Adjudicação compulsória extrajudicial – Que problema ela pode resolver?
Com o objetivo de simplificar e modernizar os procedimentos relativos aos registros públicos de atos e negócios jurídicos, e de incorporações imobiliárias, recentemente foi aprovada a Lei 14.382/2022.
Dentre os seus diversos artigos, um deles se propõe a resolver um problema, comumente enfrentado nos casos em que a compra e venda de um imóvel foi formalizada por intermédio de uma promessa (contrato particular) ou cessão de direitos. Normalmente, isso ocorre nos contratos de longa duração, cujo valor do imóvel é parcelado e o pagamento é realizado diretamente ao vendedor, que por sua vez, condiciona a transferência da propriedade mediante escritura pública, quando da quitação total do preço.
Seja por falta de conhecimento, perda de contato ou falta de recursos financeiros do comprador para arcar com os encargos para a assinatura da escritura pública, fato é que a situação acaba não sendo regularizada. Assim, tendo o comprador cumprido a sua parte, embora o negócio esteja perfectibilizado, ele não está espelhado na matrícula do imóvel, pois nela consta somente o registro do antigo proprietário.
Além da falta de segurança jurídica, pois em princípio todos os atos devem estar registrados na matrícula, essa situação gera vários problemas para ambas as partes contratantes. O vendedor que não mais detém a propriedade, pode vir a responder por débitos de condomínio ou tributários do imóvel (IPTU), por sua vez, o comprador pode ter que enfrentar problemas relativos à penhora do bem em razão de dívidas do vendedor.
Em que pese saberem as partes que o contrato foi cumprido, sendo, em princípio, mútuo o interesse em realizar o respectivo registro na matrícula, quando não se conseguia pela via consensual, a judicialização, com toda a burocracia e seus custos, era o único caminho.
Assim, a inserção do art. 216-B, na Lei 6.015/73 pela Lei 14382/2022, promete simplificar esse procedimento, permitindo que a regularização com a transferência da propriedade junto à matrícula do imóvel seja resolvida extrajudicialmente, diretamente pelo cartório de registro de imóveis.
O requerimento precisa ser formulado por intermédio de advogado, tanto pelo promitente vendedor quanto pelo promitente comprador, devendo ser instruído com os seguintes documentos: i) promessa de compra e venda ou de cessão ou de sucessão, quando for o caso; ii) prova do inadimplemento, caracterizado pela não celebração do título de transmissão da propriedade plena no prazo de 15 (quinze) dias, contado da entrega de notificação extrajudicial pelo oficial do registro de imóveis da situação do imóvel, que poderá delegar a diligência ao oficial do registro de títulos e documentos; iii) certidões dos distribuidores forenses da comarca da situação do imóvel e do domicílio do requerente que demonstrem a inexistência de litígio envolvendo o contrato de promessa de compra e venda do imóvel objeto da adjudicação; iv) comprovante de pagamento do respectivo Imposto sobre a Transmissão de Bens Imóveis (ITBI); e v) procuração com poderes específicos.
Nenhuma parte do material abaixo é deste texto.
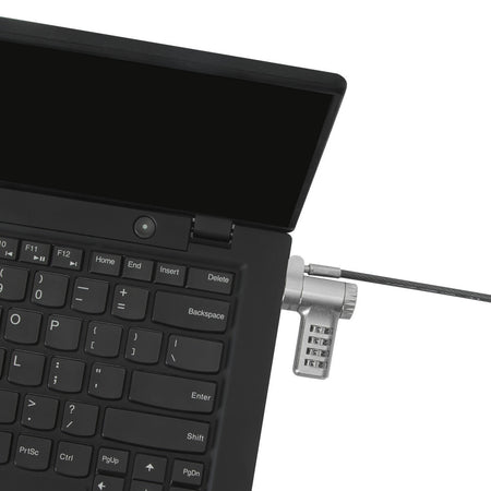 With a unique design for a secured, universal fit, we’ve eliminated the need for interchangeable heads, which means there aren’t heads to lose or replace. This lock fits virtually any lock slot, including Kensington® Nano, Kensington K-Slot, and the oversized Noble wedge-shaped lock slots.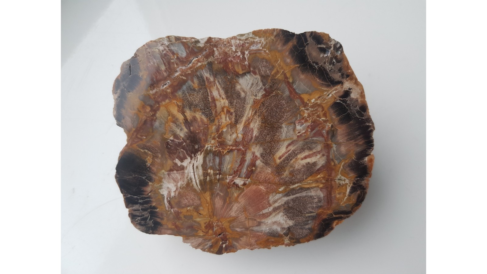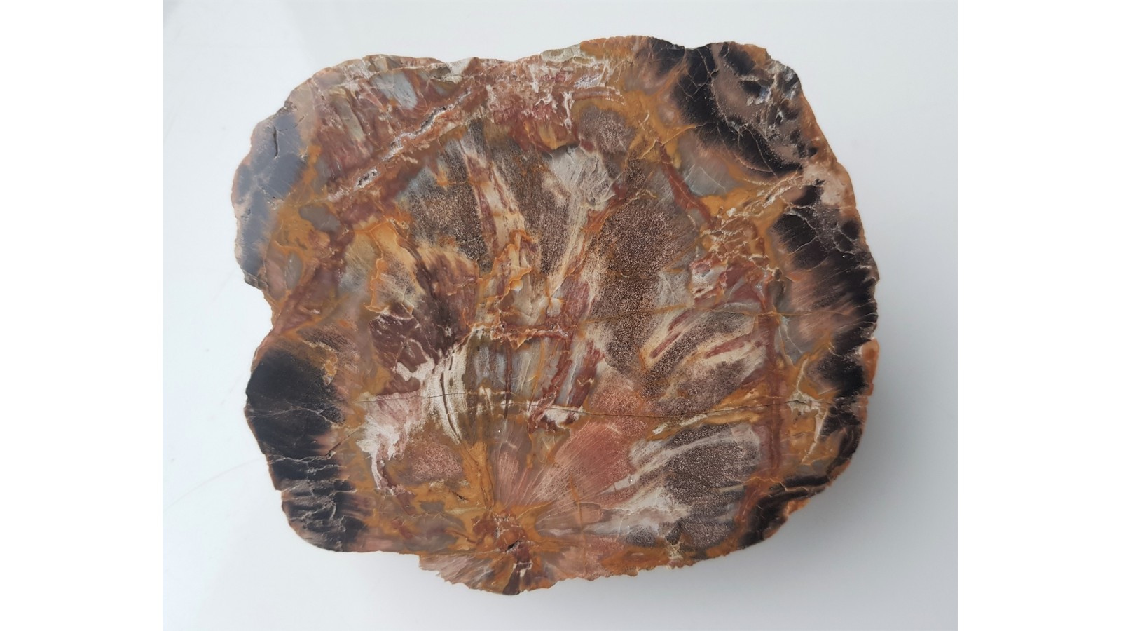 Wyjątkowe drewno skrzemieniałe z widocznym centrum pnia. Niezwykle barwne. Okaz z aluwiów Nysy Kłodzkiej z okolic Kamieńca Ząbkowickiego. Strona przeciwna naturalna, nie cięta. Wyjątkowy okaz. Polecam.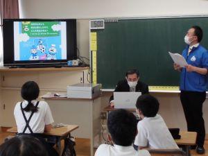 小松法人会から3名の方が来てくださり、税について教えてくださいました。最初は、社会科で学習した内容の復習クイズに10問取り組みました。全問正解者が1人いました。

Uma vez apresentados os documentos, dispõe a Lei que o oficial do registro de imóveis da circunscrição onde se situa o imóvel procederá ao registro do domínio em nome do promitente comprador, servindo de título a respectiva promessa de compra e venda ou de cessão ou o instrumento que comprove a sucessão.
No entanto, de plano, surgem algumas dúvidas quanto ao procedimento. E se enviada a notificação que visa comprovar o inadimplemento da outra parte, ela não for encontrada, será subentendido que houve a recusa? Nesta hipótese, será necessário o esgotamento de todas as tentativas de localização, e se isso não ocorrer, ela terá de ser via edital? E a questão da CND Federal do vendedor, atualmente exigida para a lavratura de escritura pública, será dispensada?
Apesar da certeza dos benefícios advindos da possibilidade da adjudicação compulsória pela via extrajudicial, a interpretação da forma como ela se dará ainda terão de ser esclarecidos, por isso, é importante que essa seja a exceção, e que a regra seja a assinatura da competente escritura pública tão logo haja a quitação do preço, nos casos em que esta for a condição para a transferência da propriedade.